Its presence was always felt. Even if we could not see it, we could hear it, its current flowing dangerously fast, sometimes gushing over the sides of the bank. I would watch it, overwhelmed by how much power it held over everything surrounding it. Alongside it, the flowering, leafy tree that we precariously swung from now appeared frail, almost lifeless. The once sweet birdsong now shrill and anxious. I returned to that spot only recently, that spot that held so many wonderful memories. Grazed knees, muddy fingernails, grass intertwined with hair. Now, under the dappled rays of sunlight fighting their way through the canopy of our tree, it seems so calm, inviting even. Why was I ever so scared of its waters? 

Whilst I enjoyed creating this re-writing of Bennet’s ‘Voyage in the Dark’, it was quite safe, and not very experimental. A few weeks later, I revisited this text, and, putting the source text aside, moved onto a re-writing of my re-writing. As stated, I wanted to make this re-creation a little more experimental and had the idea to work with a different medium. When reading and embodying my re-writing, my head was filled with images of the personal space and time that I was describing, therefore, I had the idea to translate these fleeting images in my memory into something physical. This thought led to me videocalling my Mum back home in Shropshire and asking her to sift through the many photographs she has from the weekends and summers myself, my brother, and my cousins had spent at our Grandparent’s home (the space within which my original re-writing is situated). After I had selected a few of the photographs through the pixelated screen of my laptop, she sent them onto me. I then made a piece with a collection of these photos. This collage encapsulates entirely the feelings and images that the source text originally surfaced when I activated the text, yet it was only through re-writing Bennet’s piece and reflecting on this process that I was able to actually bring these images to life and create this second piece. Without considering my process, and reflecting on the memories and feelings that came to the surface in my embodiment of Bennet’s text, I don’t believe that I would have had this idea for my second ‘re-writing’. This is only proof that exploring and discussing processes as a translator is extremely beneficial. 

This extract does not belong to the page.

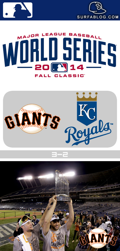 In gara-7, a casa di Kansas City, i Giants hanno battuto i Royals 3-2. Madison Bumgarner, a soli 25 anni è stato eletto MVP delle finali. Con questa vittoria i Giants hanno eguagliato i Boston, come squadra più vincente del nuovo secolo, portando ad 8 il loro totale.
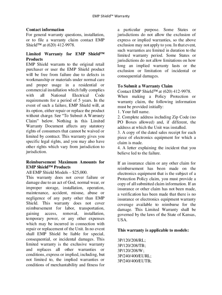 EMP Shield WarrantyContact information For general warranty questions, installation, or to file a warranty claim contact EMP Shield at (620) 4129978. Limited Warranty for EMP Shield Products EMP Shield

Something that emerged heavily though this process were ideas of emotion. Each individual’s readerly and bodily experiences will heavily influence the emotion they feel when reading a text, everyone’s experiences making for a different reading, and therefore a different translation. Images were also a big part of my process, I had never thought of incorporating images into my translation practice, but this is something I found incredibly productive and will definitely think about doing again. This experimentation with images led me to think more in depth about my process as a translator, and just how much images and readings that I have already experienced before, will always affect my reading of a new text, and therefore also influence my writing and translation. As Peter Bush states:

“Translator’s readings of literature provoke the otherness within the subject of the translator, work at a level not entirely under the control of the rationalising discourse of the mind, release ingredients from the subconscious magma of languages and experience, shoot off in many directions, provoked by the necessity of the creation of new writing.”

Peter Bush, The Translator as Writer (London: Continuum, 2007)

Through embodying a new text, I will inevitably awaken old texts, experiences, images, and language, that now lie in a dormant place within my mind, they re-activate themselves in order to help me re-activate and re-write the text with which I am engaging.